In vivo tumor models
The M21 human melanoma cancer cell line was cultured in Dulbecco's Modified Eagle Medium (DMEM) with 10% fetal bovine serum (FCS) and penicillin/streptomycin. The BT474 human breast cancer cell line was cultured in DMEM/F12 (1:1) medium with 10% FCS and penicillin/streptomycin. The mouse 4T1 breast cancer cells were cultured in Ischove's Modified Dulbecco Medium (IMDM; Invitrogen) supplemented with 10% FCS and penicillin/streptomycin. For the 4T1 xenografts, 1 × 106 cells were injected orthotopically into BALB/c mice (Charles River, Wilmington, MA). The M21 model was generated by injecting 1 × 106 cells subcutaneously (s.c.) into the flanks of female nude mice (Harlan Sprague Dawley, Inc., Indianapolis, IN). For the BT474 xenografts, 17β-estradiol pellets (Innovative Research of America, Sarasota, FL) were implanted s.c. into the back of the nude mice one day prior to the orthotopic inoculation of 5 × 106 cells in matrigel (BD Biosciences, San Jose, CA). We avoided using tumours that had grown big enough to have necrosis. All animal experimentation was performed according to procedures approved by the Animal Research Committee at the University of California, Santa Barbara.
In vivo biotinylation
To specifically quantify accessible αvβ3 integrin and HER2 receptors we labeled proteins accessible from the blood circulation with perfusion of amine-reactive biotin8,24 and quantified labeled target and total target protein by ELISA. Anesthetized tumor mice were terminally perfused, first with a solution of 10% dextran-40 (w/v) in PBS at 37°C to remove blood and then with 1 mg/mL sulfo-NHS-LC-biotin in PBS containing 10% Dextran-40 (w/v), followed by neutralization of the unreacted biotinylation reagent with 50 mM Tris(hydroxymethyl) aminomethane hydrochloride in PBS (Tris, pH 7.4). Tissues and tumors were excised, and either snap-frozen to prepare homogenates or embedded in Tissue-Tek O.C.T (Fisher Scientific, USA) for cryopreservation and sectioning.
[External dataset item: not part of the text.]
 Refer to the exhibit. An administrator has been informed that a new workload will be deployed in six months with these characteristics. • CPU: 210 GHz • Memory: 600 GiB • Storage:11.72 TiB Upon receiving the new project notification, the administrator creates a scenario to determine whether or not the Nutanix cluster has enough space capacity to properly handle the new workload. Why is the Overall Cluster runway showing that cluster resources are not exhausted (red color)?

Immunofluorescence analysis of biotinylated tissues and tumour
Cryosections (6 μm thickness) were incubated with Streptavidin-Alexa Fluor 488 (Molecular Probes) to visualize labelling. The nuclei were stained with DAPI. Tissue sections were examined and photographed under a FluoView 500 confocal laser-scanning microscope (Olympus).
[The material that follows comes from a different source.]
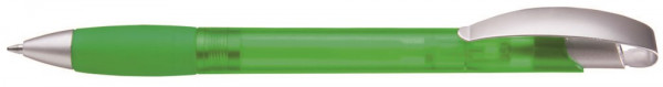 Druckkugelschreiber mit transparent gefrostetem Gehäuse, geschwungenem, matt verchromtem Metallbogenclipdrücker und gepolsterter Softgriffzone. Schaft und Griffzone unifarben transparent gefrostet. Spitze matt silber.

Preparation of protein extracts and receptor quantification
Tumours from in vivo biotinylated mice were suspended in lysis buffer (2% NP-40, 50 mM Tris, 10 mM EDTA, protease inhibitor cocktail) in PBS at 50 mg tumor per mL lysis buffer. The samples were homogenized, sonicated for 5 min and centrifuged at 16000 × g for 10 min at room temperature. Protein concentration in the supernatant was quantified by the BCA assay (Pierce). To determine the number of biotinylated αvβ3 receptors, ELISA plates were coated with 50 μl of goat anti-human αv polyclonal antibody at a concentration of 5 μg/mL for 18 h at 4°C. The wells were washed three times with PBS/0.05% Tween-20, and blocked with 1% biotin-free BSA. Diluted tumor lysates or biotinylated standards of αvβ3 and HER2 (described in the following section) were added to the wells and incubated for 2 hr at room temperature with shaking. After washing, 100 μL of streptavidin-HRP (diluted 1:1000) in 1% BSA/PBST (PBS with 0.05% Tween 20) was added to the wells and incubated with shaking for 30 min at RT. The plates were then developed with 2,2-azino-bis(3-etylbenzthiazoline-6-sulfonic acid) and absorbance measured at 405 nm. To separately quantify human and mouse αvβ3 integrins in M21 xenograft tumor lysates, sandwich ELISA was performed with species-specific anti-human αvβ3 LM609 and rat anti-mouse αv monoclonal antibodies. The biotinylation of HER2 receptor in the BT474 model was similarly quantified by direct sandwich ELISA using anti-human HER2 (Herceptin) as the capture antibody.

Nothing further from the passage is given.